--- INFORMATION SHOWN ---

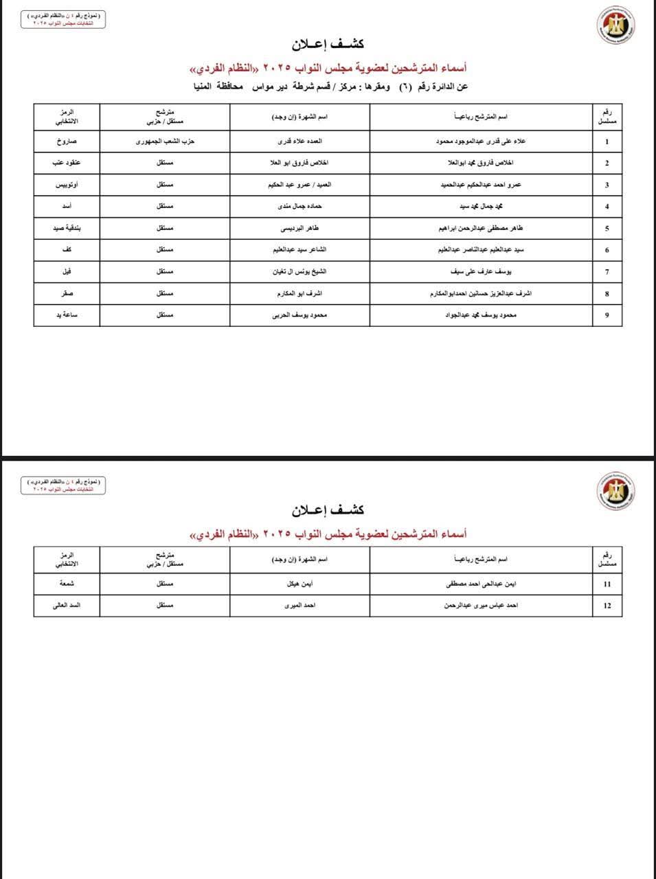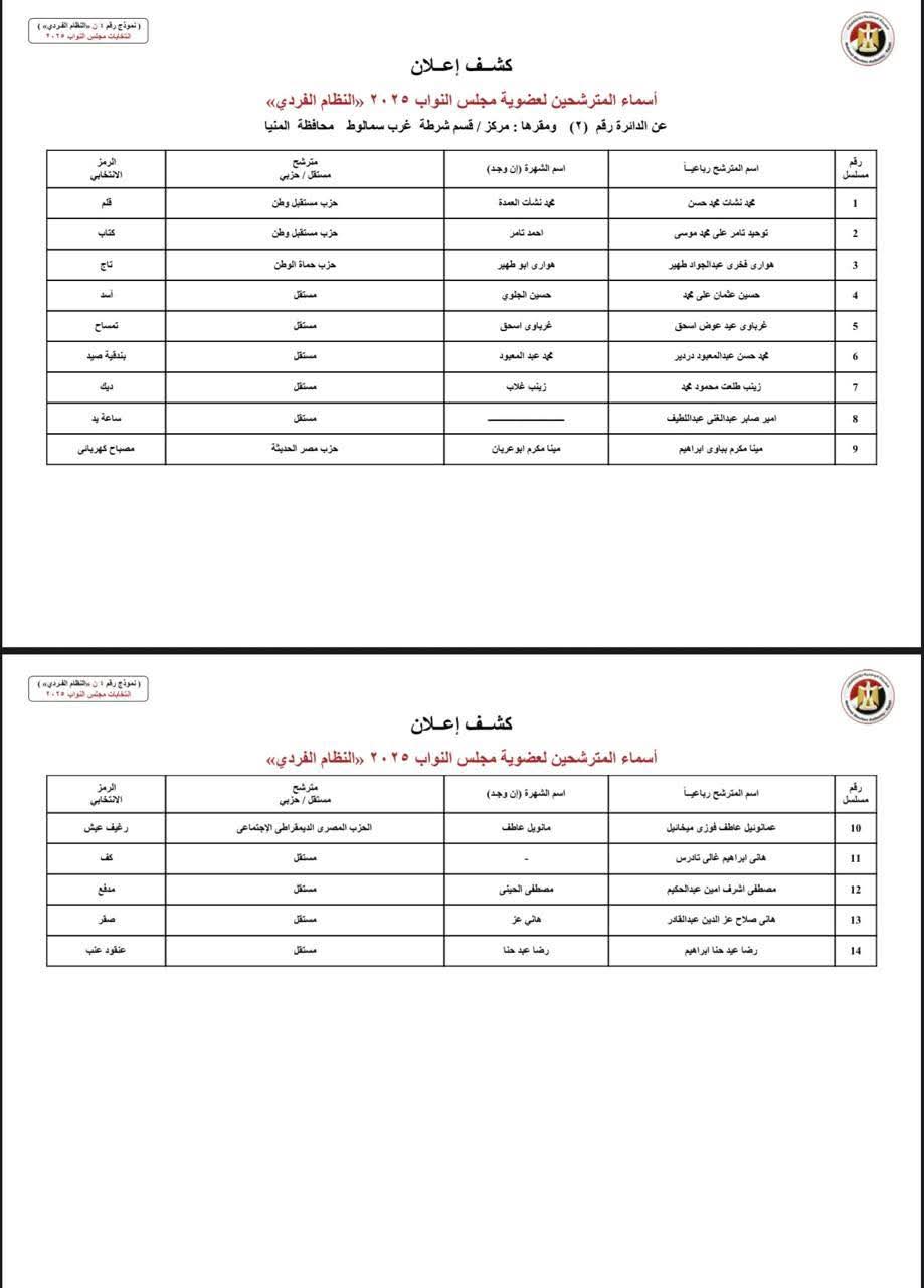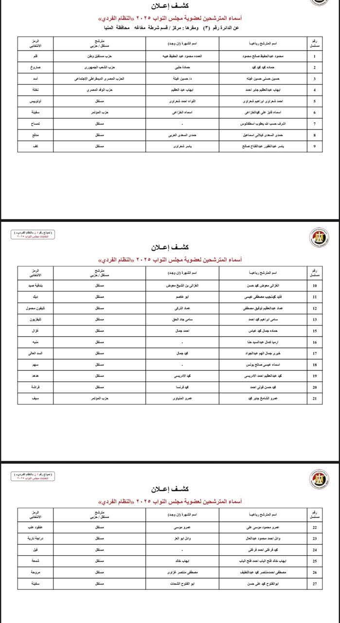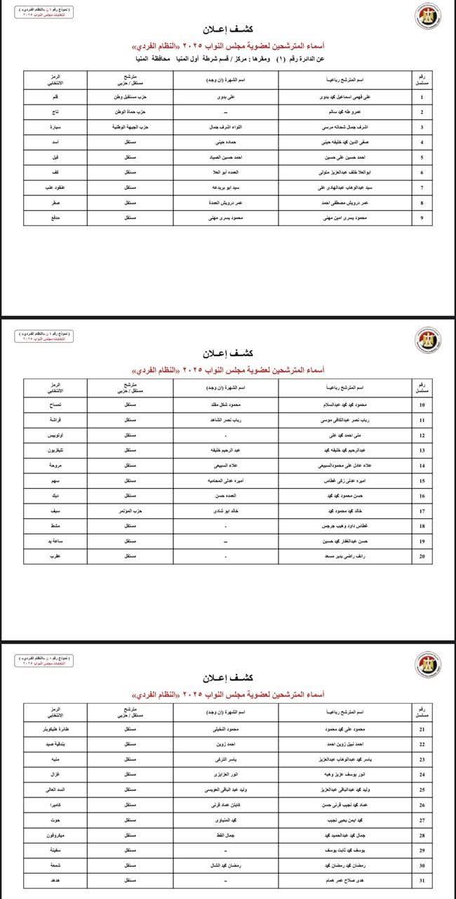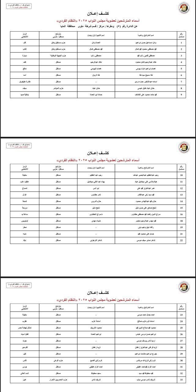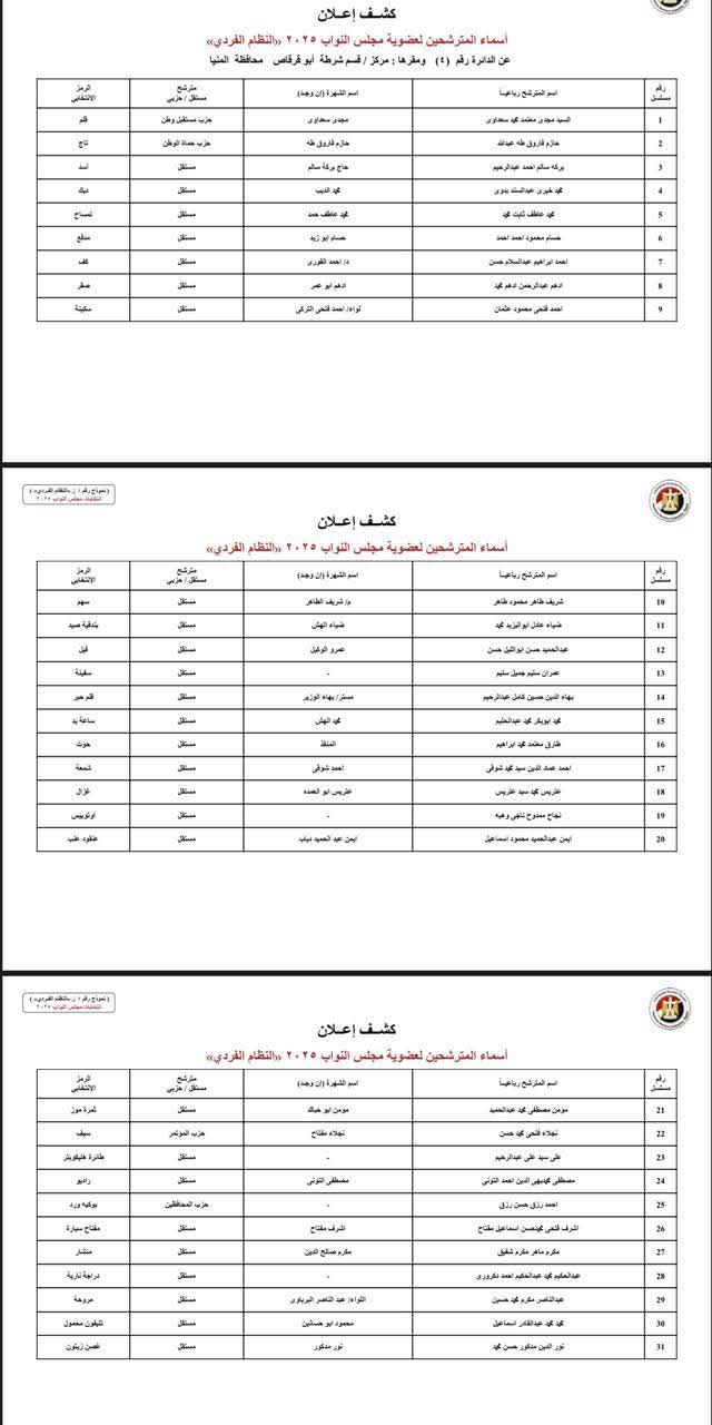 ينشر موقع صدى البلد أسماء المرشحين المتقدمين بأوراق ترشحهم لخوض انتخابات مجلس النواب بـ محافظة المنيا وتبلغ عدد دوائرها، 6 دوائر، وهي كالتالي:
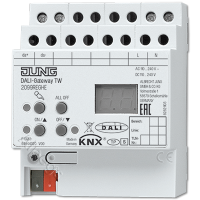 • Управление светильниками и другими устройствами DALI в инсталляции KNX, например, электронными балластами
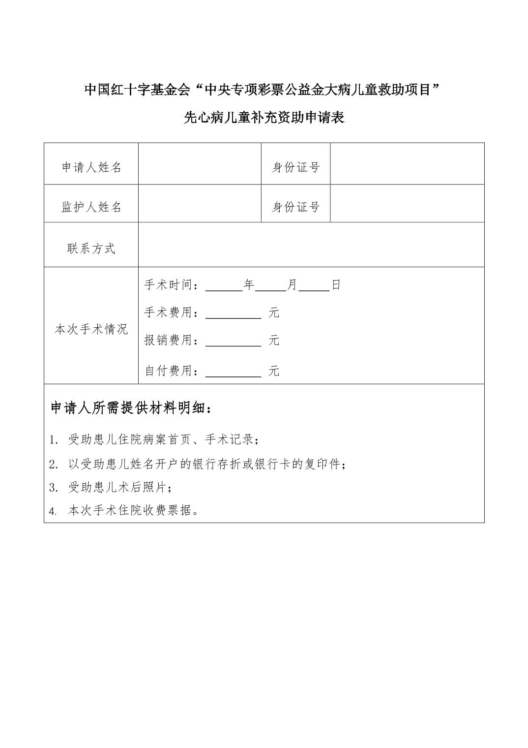 4、+《中国红十字基金会“中央专项彩票公益金大病儿童救助项目”先心病儿童补充资助申请表》.pdf

---

● REQUIREMENT: The data above are to be repeated word for word, with any pictures left out.

● TASK OUTPUT:
 ينشر موقع صدى البلد أسماء المرشحين المتقدمين بأوراق ترشحهم لخوض انتخابات مجلس النواب بـ محافظة المنيا وتبلغ عدد دوائرها، 6 دوائر، وهي كالتالي:
 • Управление светильниками и другими устройствами DALI в инсталляции KNX, например, электронными балластами
 4、+《中国红十字基金会“中央专项彩票公益金大病儿童救助项目”先心病儿童补充资助申请表》.pdf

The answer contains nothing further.